==== Data segment ====

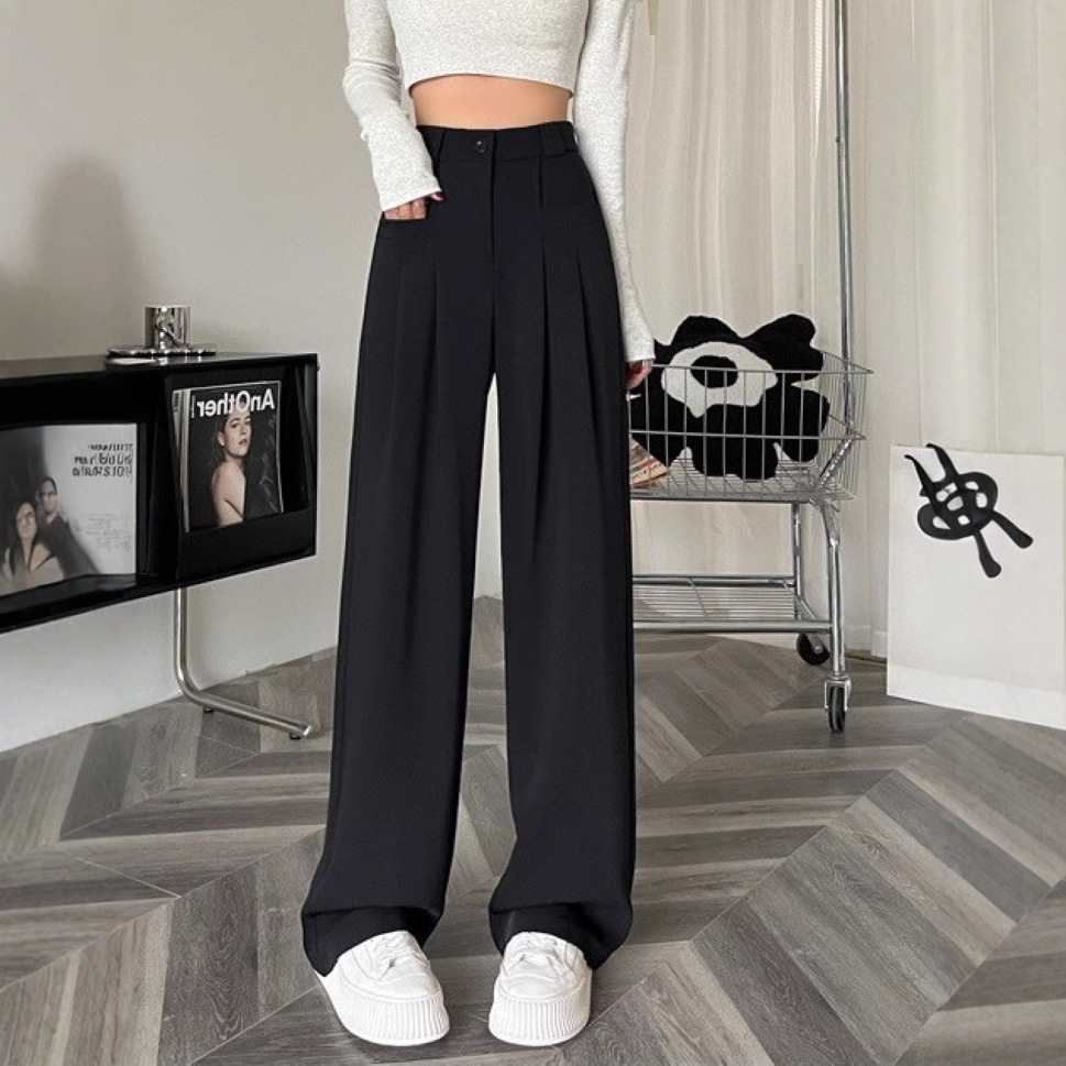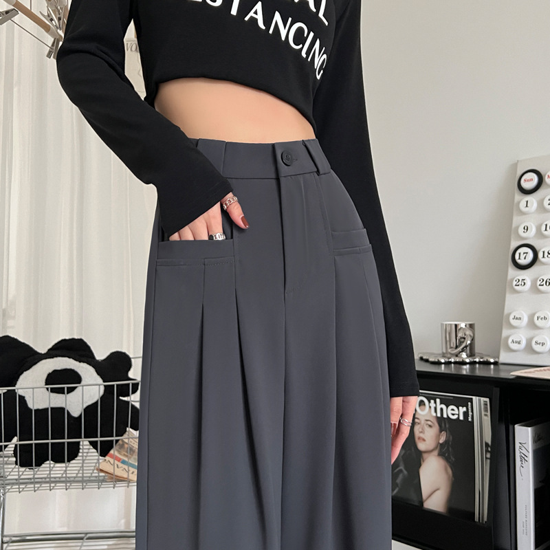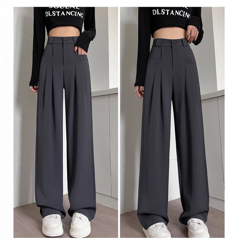 梨形身材黑色西装2025春夏高腰垂感显瘦直筒休闲阔腿裤子
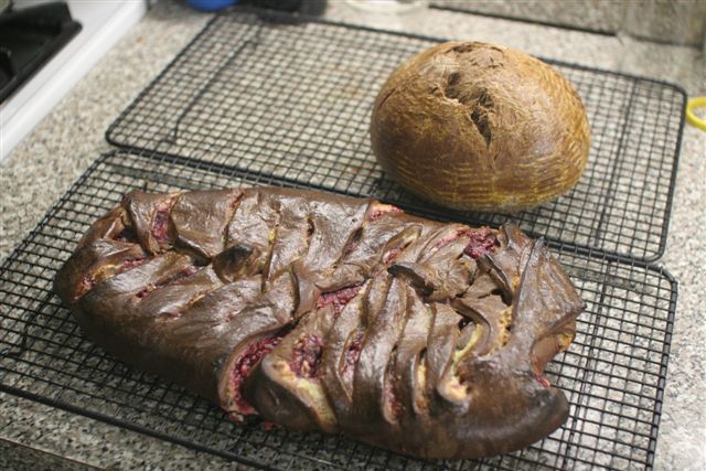 After doing some research I decided to take this in a different direction. Instead of try to force something that makes no sense, I made a chocolate Bread & filled it with cream cheese and raspberries. What can be better than that chocolate & raspberry! The boule looks so good I forgot to slash it but I like the way it cracked even better. Can't wait till they cool. The bread is a leaner bread than the one for Floyd's braid. four, water, yeast, sugar, coco powder & chocolate pieces that's it. Salt also
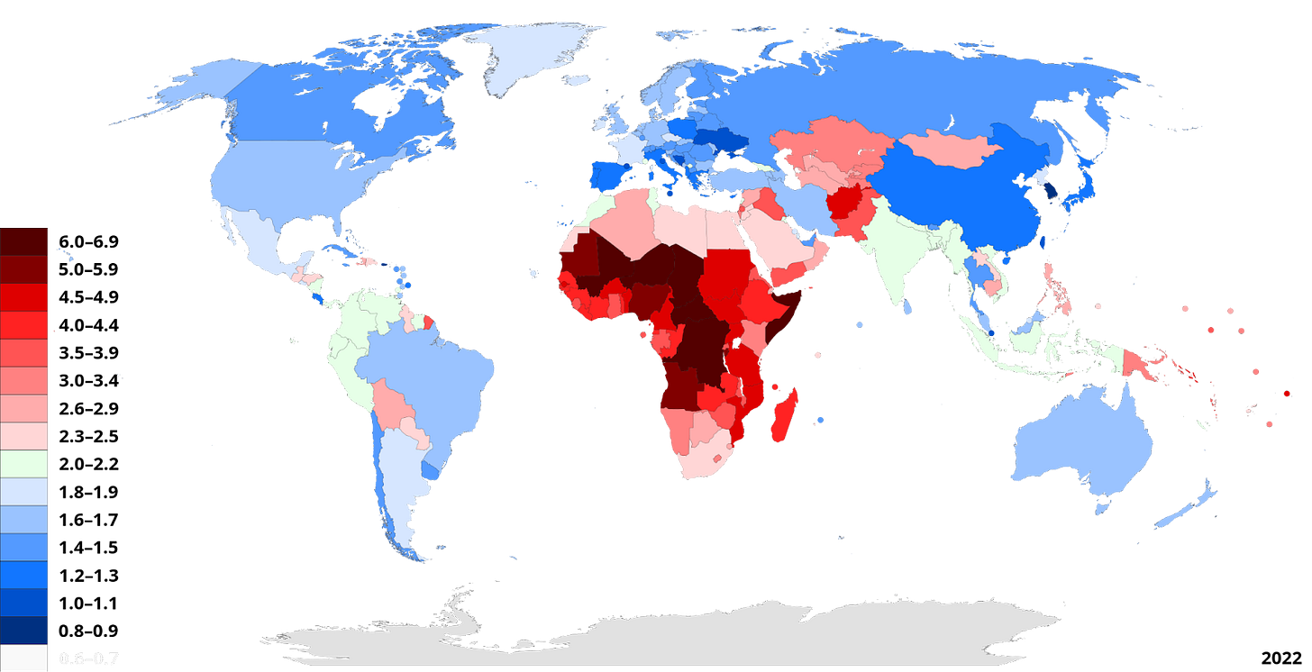 Even India AND Bangladesh are below replacement at 2.0. Only in sub Saharan Africa do they still make enough children to resupply the next generation.

====

**Prompt:**
Without including any pictures, reproduce the data exactly.

**Written solution:**
 梨形身材黑色西装2025春夏高腰垂感显瘦直筒休闲阔腿裤子
 After doing some research I decided to take this in a different direction. Instead of try to force something that makes no sense, I made a chocolate Bread & filled it with cream cheese and raspberries. What can be better than that chocolate & raspberry! The boule looks so good I forgot to slash it but I like the way it cracked even better. Can't wait till they cool. The bread is a leaner bread than the one for Floyd's braid. four, water, yeast, sugar, coco powder & chocolate pieces that's it. Salt also
 Even India AND Bangladesh are below replacement at 2.0. Only in sub Saharan Africa do they still make enough children to resupply the next generation.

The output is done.